Task item: The listing must be copied out in full and exactly; no images go with it.

[Opening Information provided section]

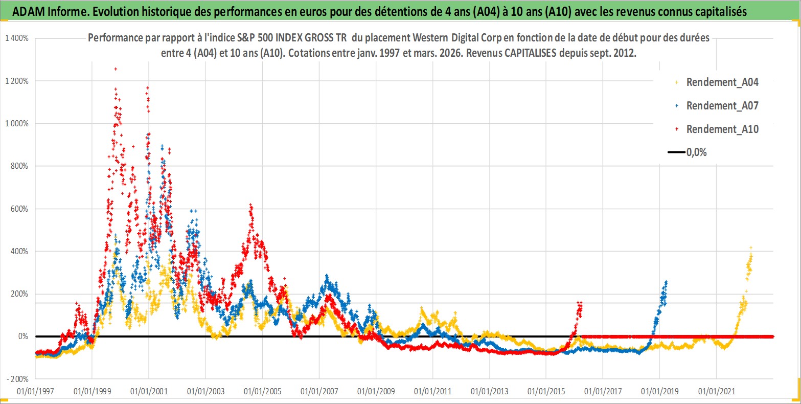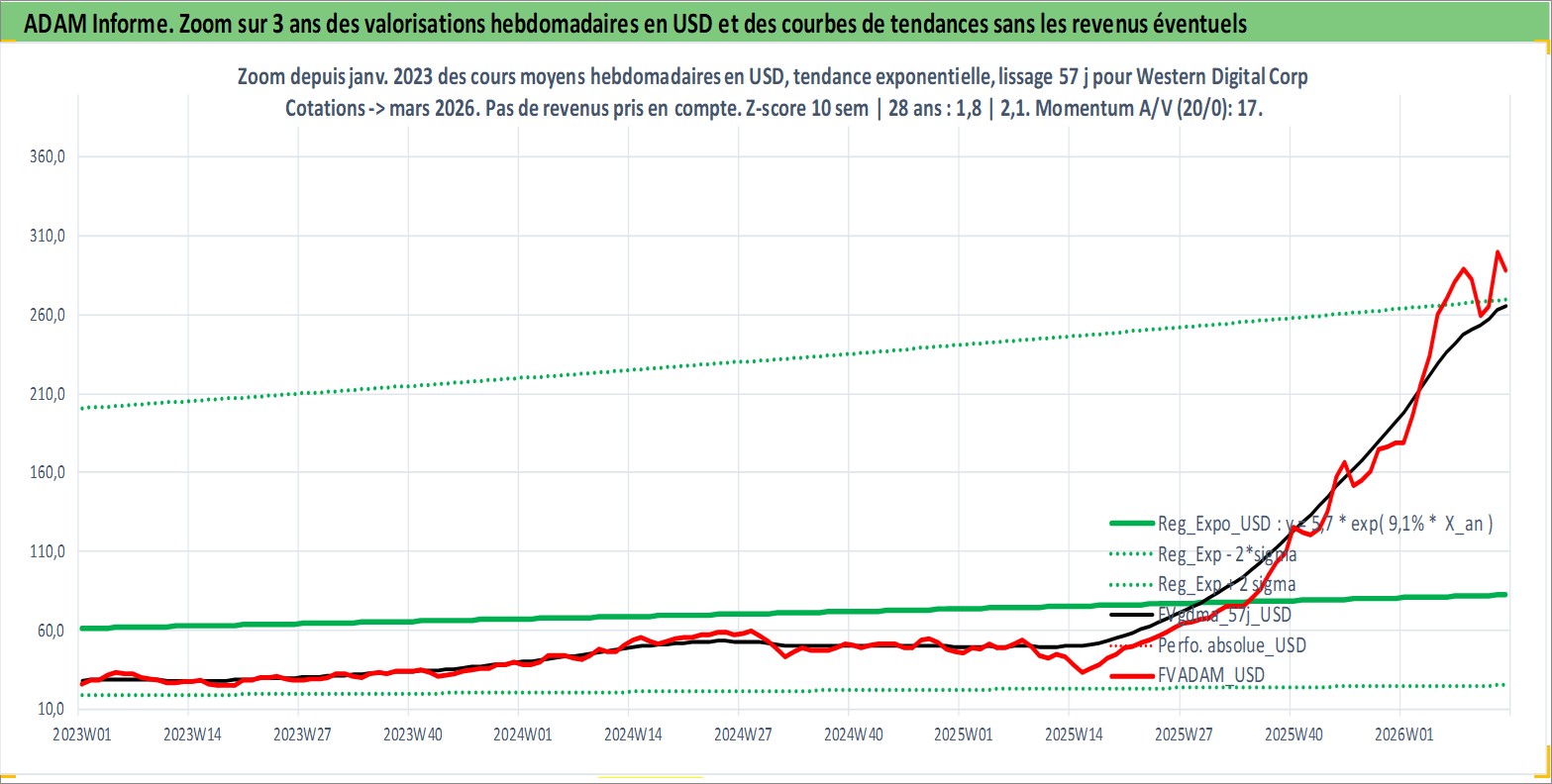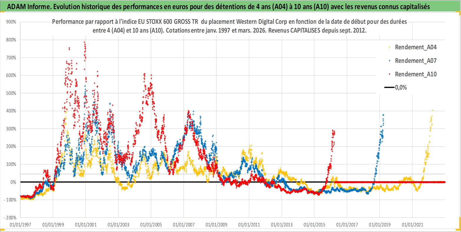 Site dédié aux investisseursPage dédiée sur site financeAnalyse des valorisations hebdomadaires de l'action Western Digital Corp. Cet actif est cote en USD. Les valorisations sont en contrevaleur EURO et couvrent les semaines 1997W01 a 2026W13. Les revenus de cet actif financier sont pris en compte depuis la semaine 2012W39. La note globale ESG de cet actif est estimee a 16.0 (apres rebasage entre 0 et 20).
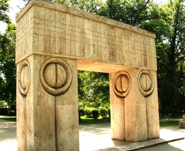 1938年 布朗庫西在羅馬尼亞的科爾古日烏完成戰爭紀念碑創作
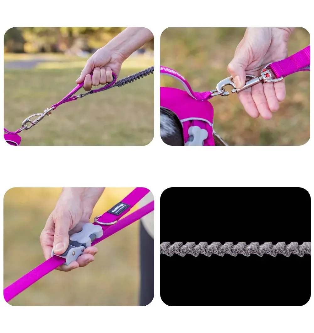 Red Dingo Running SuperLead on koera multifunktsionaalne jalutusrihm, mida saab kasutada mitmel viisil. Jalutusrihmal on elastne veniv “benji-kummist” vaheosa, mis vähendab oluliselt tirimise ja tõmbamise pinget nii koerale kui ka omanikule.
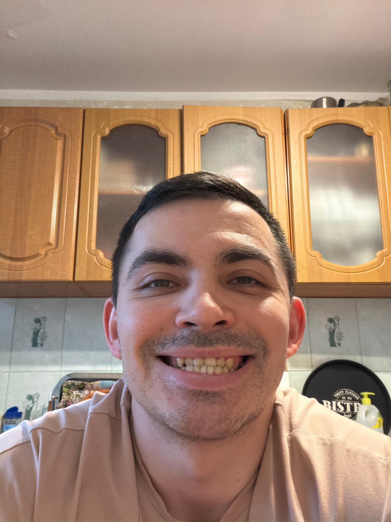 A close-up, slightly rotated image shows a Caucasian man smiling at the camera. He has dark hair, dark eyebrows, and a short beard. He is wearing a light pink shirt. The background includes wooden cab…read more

[Closing Information provided section]

Written answer:
 Site dédié aux investisseursPage dédiée sur site financeAnalyse des valorisations hebdomadaires de l'action Western Digital Corp. Cet actif est cote en USD. Les valorisations sont en contrevaleur EURO et couvrent les semaines 1997W01 a 2026W13. Les revenus de cet actif financier sont pris en compte depuis la semaine 2012W39. La note globale ESG de cet actif est estimee a 16.0 (apres rebasage entre 0 et 20).
 1938年 布朗庫西在羅馬尼亞的科爾古日烏完成戰爭紀念碑創作
 Red Dingo Running SuperLead on koera multifunktsionaalne jalutusrihm, mida saab kasutada mitmel viisil. Jalutusrihmal on elastne veniv “benji-kummist” vaheosa, mis vähendab oluliselt tirimise ja tõmbamise pinget nii koerale kui ka omanikule.
 A close-up, slightly rotated image shows a Caucasian man smiling at the camera. He has dark hair, dark eyebrows, and a short beard. He is wearing a light pink shirt. The background includes wooden cab…read more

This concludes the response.